Technische Herausforderungen: Neben der Evidenz der diagnostischen Gleichwertigkeit gibt es organisatorische technische Herausforderungen, die von Institutionen im Rahmen der Digitalisierung der Dermatopathologie gelöst werden müssen.2 Eine davon ist die Sicherheit in Bezug auf Datenschutz, da Patientendaten potenziell über das Internet übertragen werden. Insgesamt muss davon ausgegangen werden, dass Organisation und Arbeitsabläufe im Zuge der Digitalisierung grundsätzlich überarbeitet werden müssen.3 Ein sehr spezifisches Beispiel für eine technische Herausforderung im Bereich der digitalen Diagnostik ist die Farbwiedergabe. Durch unterschiedliche Scanner, Lampen und Bildschirme werden Farben unterschiedlich dargestellt. Diese unterschiedlichen Farben können in der Routinediagnostik relevant sein – bei zu schwachen Farbtönen können etwa eosinophile Granulozyten mit neutrophilen Granulozyten verwechselt werden. Um dies zu lösen, werden in der Regel Farbprofile durch Slide Scanner hinterlegt, die durch die Ansichts-Software und entsprechend farbkalibrierte Bildschirme verarbeitet werden können.4 Für die Verwendung von Bildschirmen im diagnostischen Prozess gibt es mittlerweile Studien, die unterschiedliche Qualität und Nutzbarkeit dieser untersucht haben.5 Es hat sich gezeigt, dass vor allem Pixeldichte und Abdeckung von Farbräumen in der Diagnostik relevante Qualitäten sind.

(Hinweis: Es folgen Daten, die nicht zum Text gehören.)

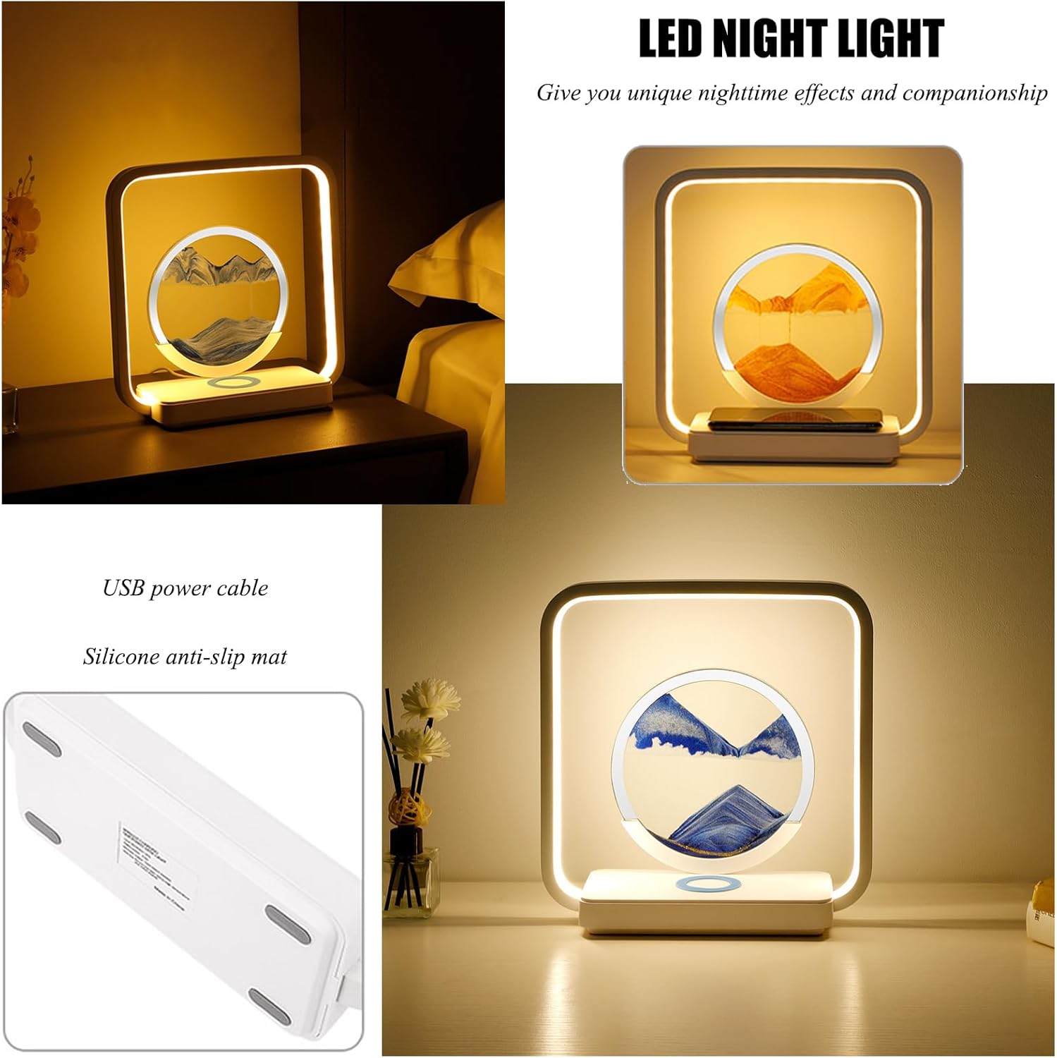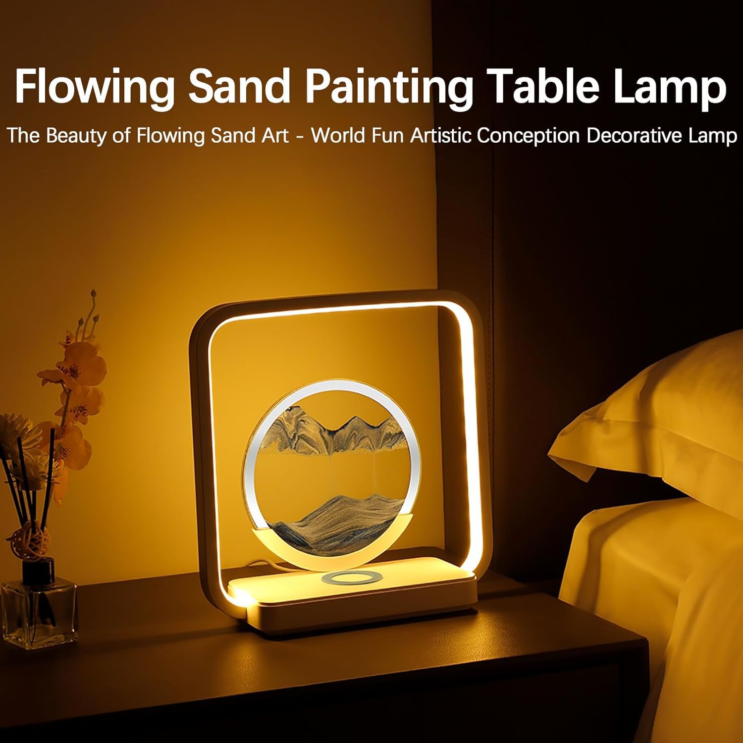 Sand Art Table Lamp, 360° Rotating 3D Deep Sea Liquid Motion Sand Art Picture, Quicksand Painting Table Lamp

Neue technologische Methoden: Abseits der konventionellen histologischen Aufarbeitung gibt es andere neue technologische Methoden, die auch ohne ein eigenes Labor histologieartige Bilder liefern sollen.
Bei der konfokalen Ex-vivo-Mikroskopie6 wird das native Exzisionsmaterial mit Acridinorange getränkt und anschließend, ähnlich wie bei einer konfokalen In-vivo-Mikroskopie, durch einen Laser gescannt. Das Ergebnis wird mit einer errechneten „Pseudofarbe“ versehen und kann schließlich innerhalb weniger Minuten wie ein digitaler histologischer Schnitt betrachtet werden – gleich im Operationssaal. Diese Methode hat das Potenzial, den Gefrierschnitt zu ersetzen, und wird bereits in vielen Spitälern Europas eingesetzt.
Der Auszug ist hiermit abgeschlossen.